На таком маршруте – через Куин-Энн-Хилл – вы настояли специально, чтобы по дороге заскочить домой. «Чтобы проверить, нет ли вестей от Кью-Джо», – сказали вы Даймонду, хотя в данный момент вас куда больше интересуют вести от Андрэ, и поэтому первая остановка – квартира Белфорда, а потом, если возникнет нужда, продуктовый магазин.
Похоронные саваны и яичные белки, из которых выбралось восходящее солнце, до сих пор болтаются в небе. Воздух кажется мягким, если стоишь неподвижно, однако на летящем мотороллере весьма прохладно. Вы прижимаетесь к спине Даймонда, чтобы укрыться от ветра и нежелательного внимания.

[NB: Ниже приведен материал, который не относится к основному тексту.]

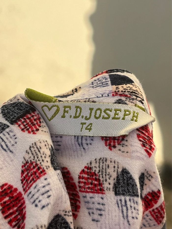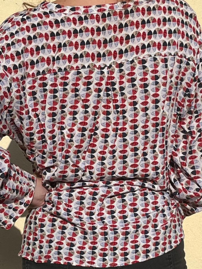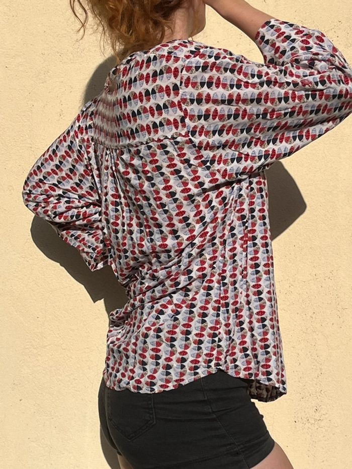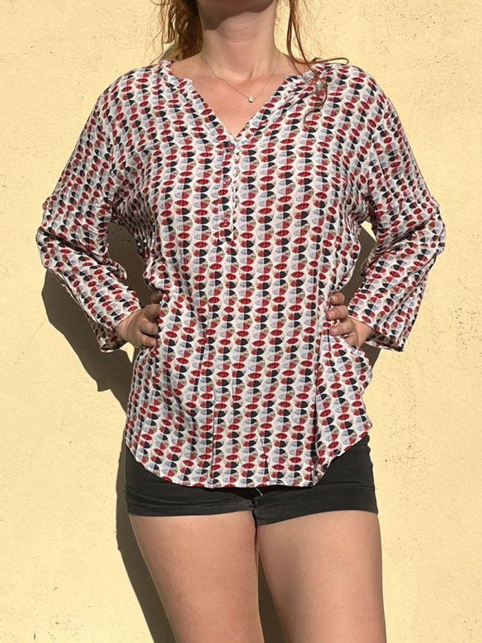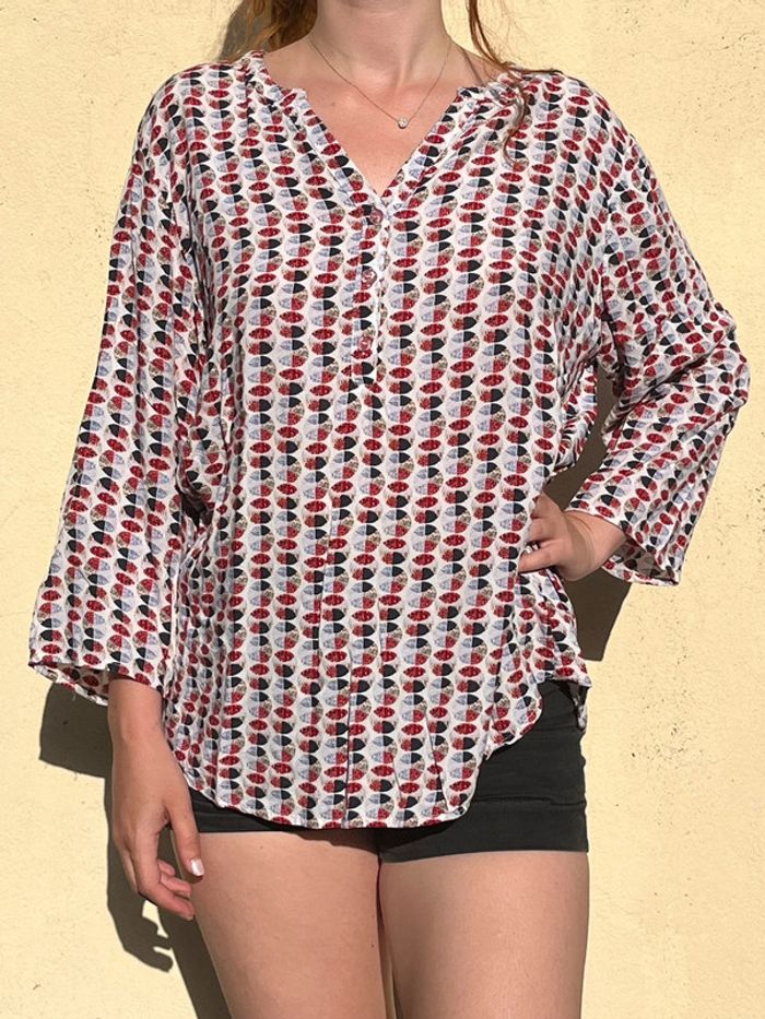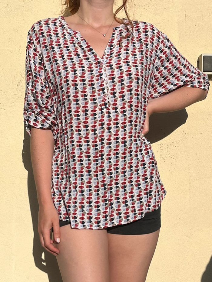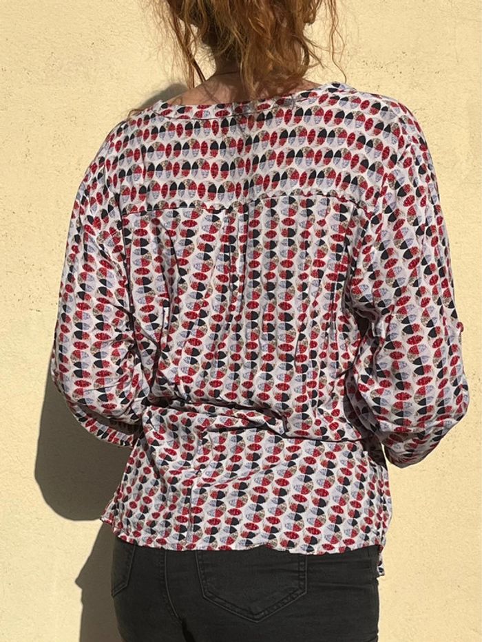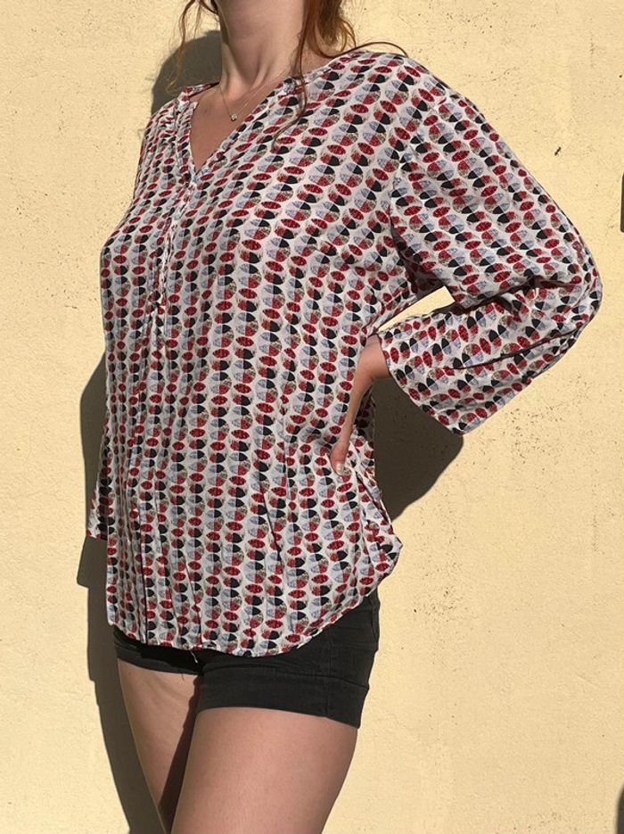Haut blouse / chemise légère et confortable, décolleté en V avec 3 boutons rose transparent qui s’ouvrent - manches 3/4 qui peuvent être remontées / retroussées au dessus du coudes à l’aide de bouton et bande. Motifs petits ronds avec petits ovales intérieur de différentes couleurs : noir, rouge, bleu et marron beige sur fond blanc. Taille 4 équivalent XL - je porte du S/M, un peu grande pour moi. Marque : F.D. Joseph - 100% Viscose Très bon état, pas de signe d’usure. Porté peu de fois.
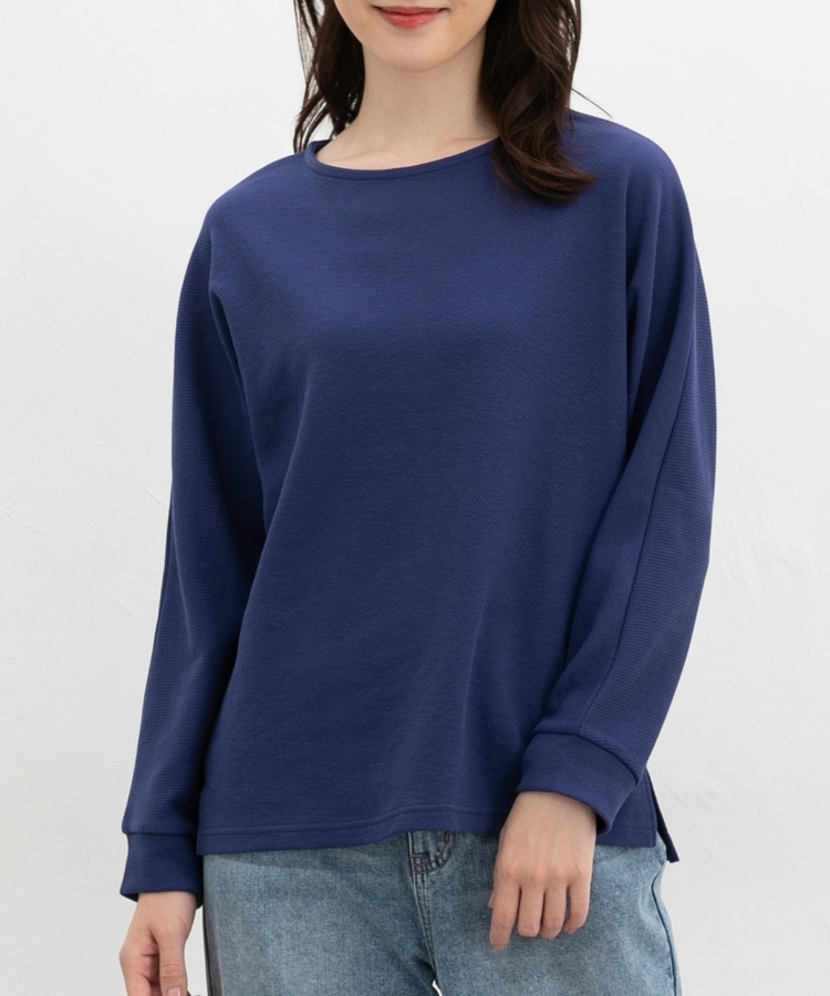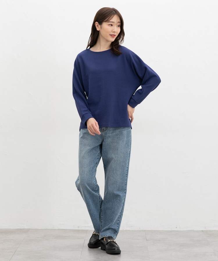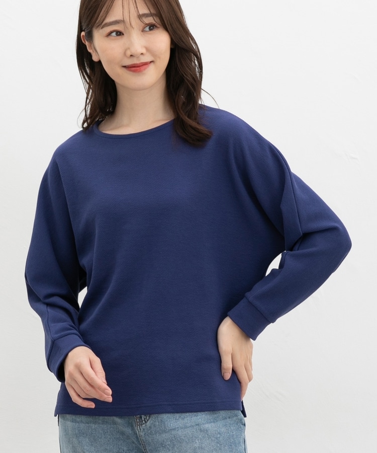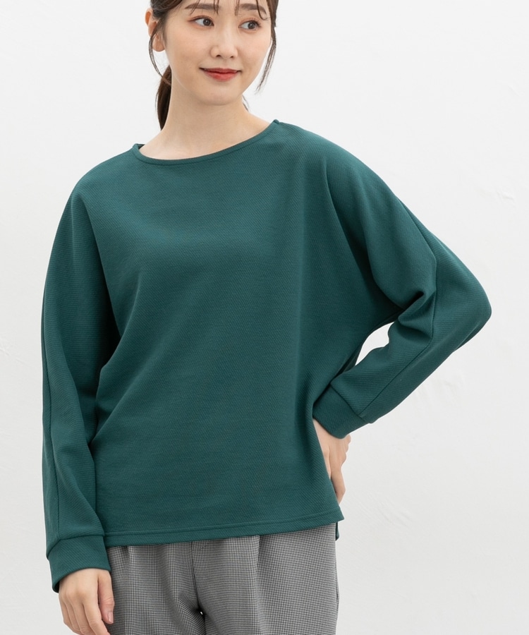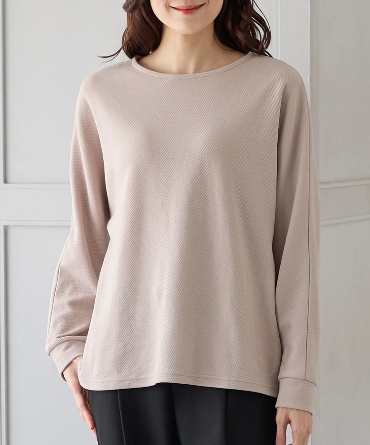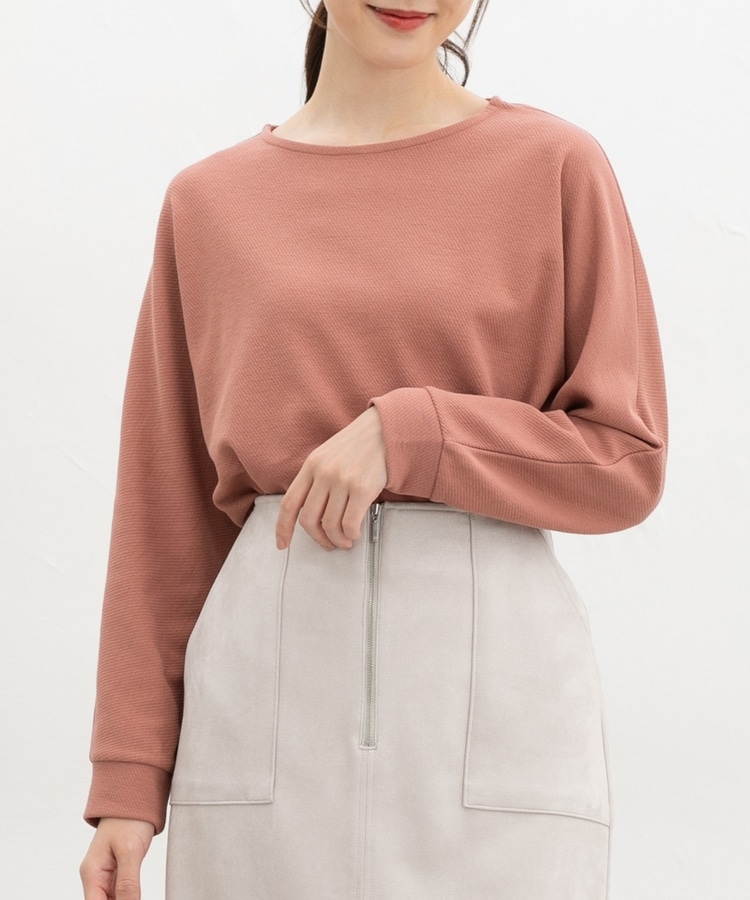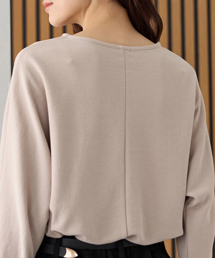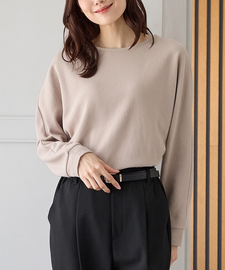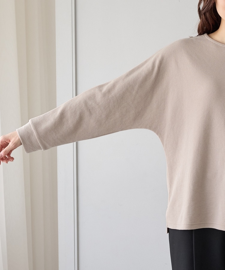 ゆったりシルエットを袖口の切り替えで引き締めた、手首のほっそり見せも叶うドルマンデザイン。
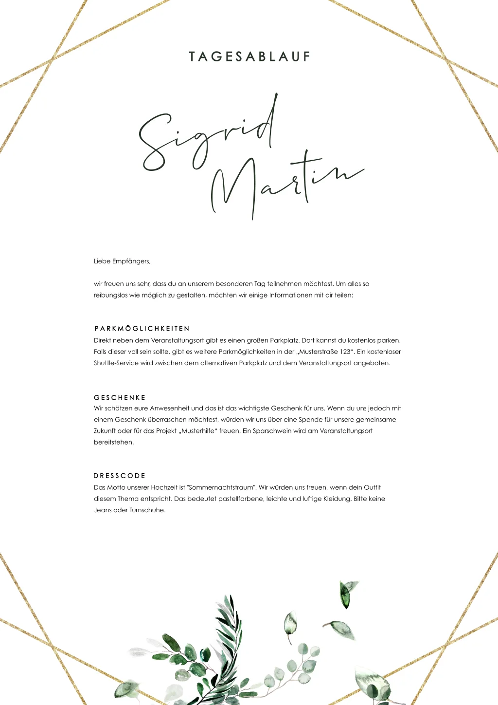 Hinweis: Ein Einlegeblatt ist das perfekte Extra für deine Hochzeitseinladungen. Auf den dünnen Einlegern hast du die Möglichkeit, extra Infos für die Gäste hinzuzufügen.
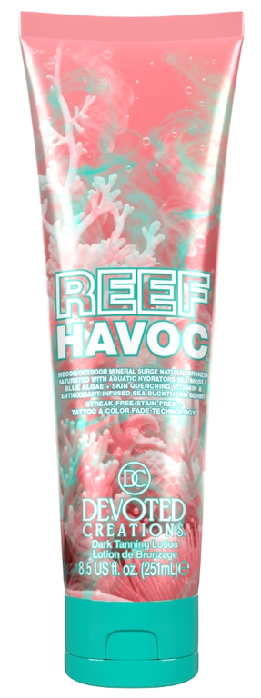 Leiskis nešamas spalvos bangų su „Devoted Creations Reef Havoc™“! Šis mineralais turtingas bronzantas, praturtintas vandenyno ingredientais, suteikia saulės nubučiuotą atspalvį be DHA, todėl yra nepakeičiamas pasirinkimas tiek naudojant patalpose, tiek lauke. Jokių dryžių, jokio nusitepimo – tik tolygus, paplūdimio įdegio rezultatas kiekvieną kartą.
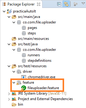 En el directorio src/test/resources creamos dos paquetes que tendrán como nombre feature y driver.
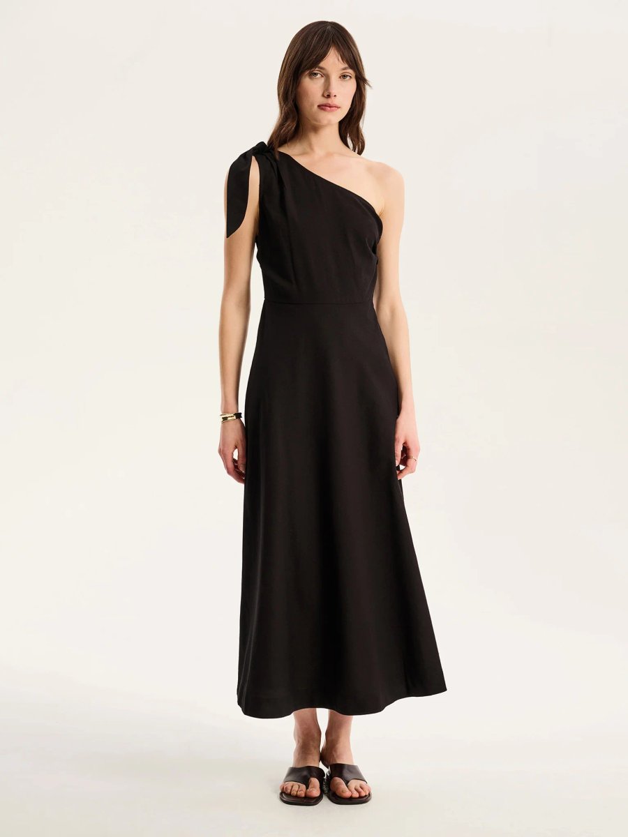 The OMNES Elegant One-Shoulder Midi Dress in Black is ideal for date-night, casual, smart-casual.
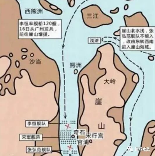 祥兴二年(1279年)正月,张弘范率元军攻至崖门,元军浩浩荡荡陆续抵达崖山,对南宋形成三面包围之势。
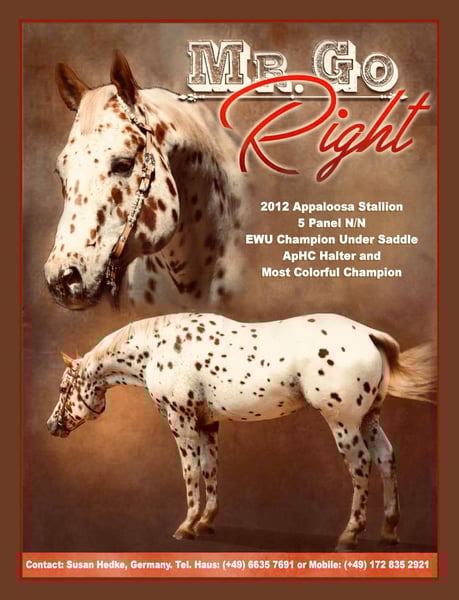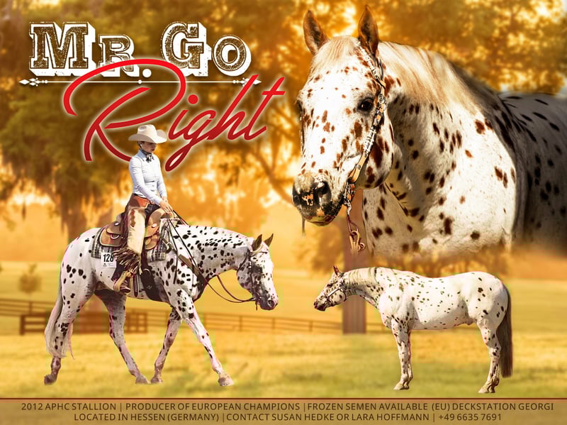 Mr Go Right (Rusty) is a registered Appaloosa stallion (ApHC and AphCG) and 5‑panel N/N. He comes from strong performance breeding with many colorful Appaloosas in his pedigree. He is sired by the leopard‑colored, money‑earning Reining and Cowhorse stallion Rusty Lil Dry Doc. Rusty’s pedigree includes numerous legendary performance stallions from Reining, Cutting, and Cowhorse lines—some of whom were also successful in Halter. This versatile mix of bloodlines makes him especially suitable for modern disciplines such as Ranch Riding. His Hall of Fame ancestors include: High Sign, High Sign Nugget, Dry Doc, Ima Doc Olena, Doc Olena, Doc Bar, Poco Bueno, Goer (twice), and Romans Straw Man. His pedigree also features other colorful and highly successful stallions such as Rustys Lil Nugget, a successful Halter Champion and multi‑discipline performer with a World Champion title in Cow Horse. Another leopard Appaloosa ancestor, Ima Dazzelena, earned recognition in Reining and reached the title of “Supreme Champion” in Germany. This outstanding breeding alone makes Mr Go Right a compelling choice as a performance sire. But what makes Rusty even more uniquely appealing is his striking appearance, excellent conformation, and impressive size (163 cm). He has the presence and quality to excel across multiple disciplines, even in Halter. His double “Goer” breeding on both sire and dam side, combined with the influence of Romans Straw Man—whose stud fee reached $10,000 in the 1980s—adds exceptional value to his pedigree. At his single show appearance in 2017, Rusty was named International Grand Champion, which immediately placed him in the Top 5 of the ApHC World Standings in both “Aged Halter Stallions” and “Most Colorful at Halter.” Three of his foals have been successfully shown in Halter up to European Championship level: – One earned a ROM in Halter by age 3. – Another became Grand Champion in a large EM class of “Geldings All Ages.” Mr Go Right is also an exceptional mover. At European Western Union (EWU) shows, he won and placed well in various performance disciplines—from Reining to Pleasure— and he earned gold and silver for two consecutive years in Dressage and Young Horse Trail at the state championships. Early in his career he showed notable talent for Ranch Riding. Because Rusty has not been shown in recent years, his high‑quality frozen semen remains available at an affordable price. Additional discounts may be offered for proven show mares or multiple mares (contact Susan Hedke or Lara Hoffmann). His frozen semen is available within the EU through Claus Georgi: 👉 https://www.westernstablegeorgi.de/besamungsstation/tg-samen-hengste 👉 https://www.westernstablegeorgi.de
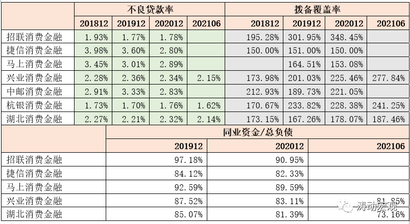 以2020年底為例,招聯(lián)消費金融、捷信消費金融、馬上消費金融、興業(yè)消費金融、中郵消費金融的不良貸款率分別達到1.78%、2.80%、2.89%、2.34%和2.83%,對應的撥備覆蓋率分別為348.45%、150%、153.08%、225.46%和221.05%。
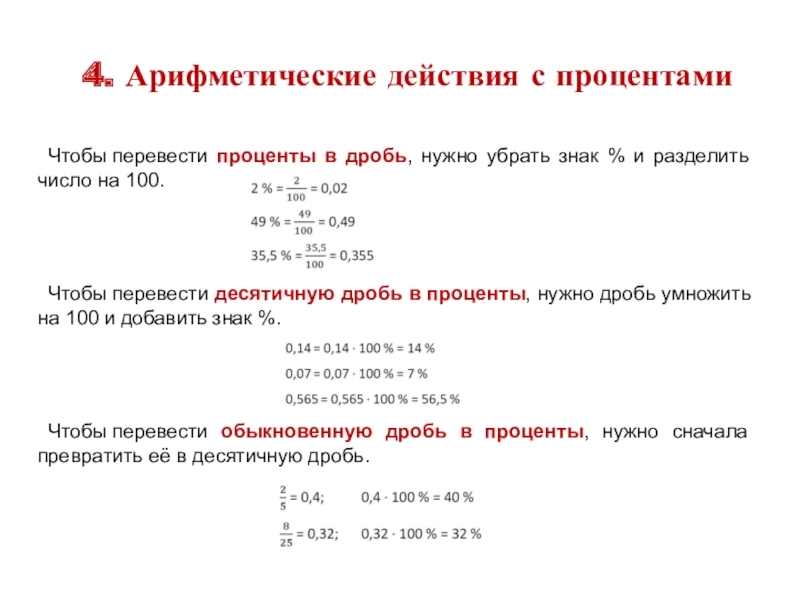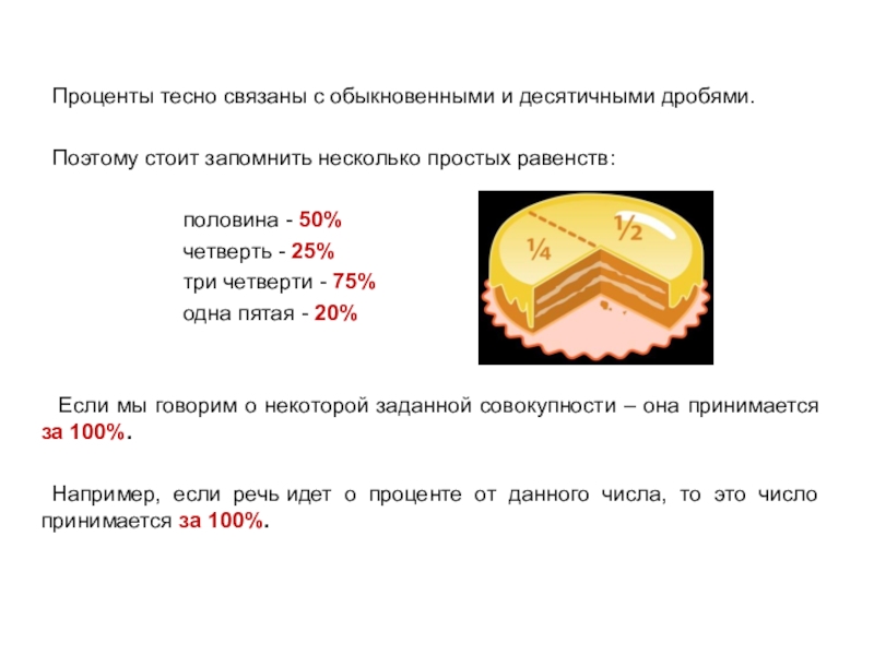 Проценты тесно связаны с обыкновенными и десятичными дробями.

Маловероятно, конечно, – но вдруг кто-нибудь из коллег попадется навстречу и увидит вас на ржавом мотороллере, в пасхальное утро, в компании лохматого типа! Добавьте еще: с голой задницей (которая уже вконец отмерзла на трясучем липком холодном сиденье).
От Даймонда оглушительно пахнет – старой кожей, сахаристыми листьями, вашим телом… Сложная, противоречивая комбинация, вызывающая нежные мысли. Обхватив его руками, вы зарываетесь лицом в душистую спину – и, скосив глаза, замечаете свои порванные трусики, выглядывающие у него из кармана, как носовой платок факира. Вы украдкой их вытаскиваете и боретесь с желанием покрутить ими над головой на радость встречным автолюбителям. Когда мотороллер, свернув на Эллиот-авеню, начинает трудно карабкаться в гору, вы бросаете их через ограду одного из скромных домов: «Летите! Вы свободны!» И тут же корите себя за легкомыслие. Кто-нибудь наверняка найдет эти трусики и сообщит в полицию, где их пришьют к делу как «подпись» Осторожного Насильника. Или как оставленный мажора-ми сувенир (хотя вряд ли кто-нибудь из мажорских жертв может похвастаться таким стильным неглиже).